Activity:
For the entries that follow, restate word for word the line containing "Fashion Nova Sweetest", the line containing "Prix unitaire parVeste", and every line that lies between them.

Record set:
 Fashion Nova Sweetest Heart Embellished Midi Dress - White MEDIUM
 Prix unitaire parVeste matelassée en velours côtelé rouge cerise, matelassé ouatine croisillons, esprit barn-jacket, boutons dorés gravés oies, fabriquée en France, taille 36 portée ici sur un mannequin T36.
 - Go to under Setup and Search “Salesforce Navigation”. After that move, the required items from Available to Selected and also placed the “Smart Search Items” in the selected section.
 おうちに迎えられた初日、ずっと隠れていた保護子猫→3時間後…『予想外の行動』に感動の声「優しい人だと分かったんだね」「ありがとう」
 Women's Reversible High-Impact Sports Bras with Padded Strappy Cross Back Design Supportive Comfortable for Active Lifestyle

...

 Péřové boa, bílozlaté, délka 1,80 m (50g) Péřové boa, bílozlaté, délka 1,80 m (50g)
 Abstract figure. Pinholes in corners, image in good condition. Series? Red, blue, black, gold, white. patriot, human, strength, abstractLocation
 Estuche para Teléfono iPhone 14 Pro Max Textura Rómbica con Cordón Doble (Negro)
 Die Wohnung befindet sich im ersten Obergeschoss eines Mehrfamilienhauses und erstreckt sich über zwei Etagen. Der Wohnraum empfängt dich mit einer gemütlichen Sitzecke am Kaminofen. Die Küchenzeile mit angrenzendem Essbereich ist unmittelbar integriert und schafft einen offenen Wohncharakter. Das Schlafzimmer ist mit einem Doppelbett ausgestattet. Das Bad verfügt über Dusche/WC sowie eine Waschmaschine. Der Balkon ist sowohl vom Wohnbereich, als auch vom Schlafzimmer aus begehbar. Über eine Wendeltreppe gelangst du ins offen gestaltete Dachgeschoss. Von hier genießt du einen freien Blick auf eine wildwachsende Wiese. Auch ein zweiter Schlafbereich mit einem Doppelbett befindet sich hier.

Output:
 Fashion Nova Sweetest Heart Embellished Midi Dress - White MEDIUM
 Prix unitaire parVeste matelassée en velours côtelé rouge cerise, matelassé ouatine croisillons, esprit barn-jacket, boutons dorés gravés oies, fabriquée en France, taille 36 portée ici sur un mannequin T36.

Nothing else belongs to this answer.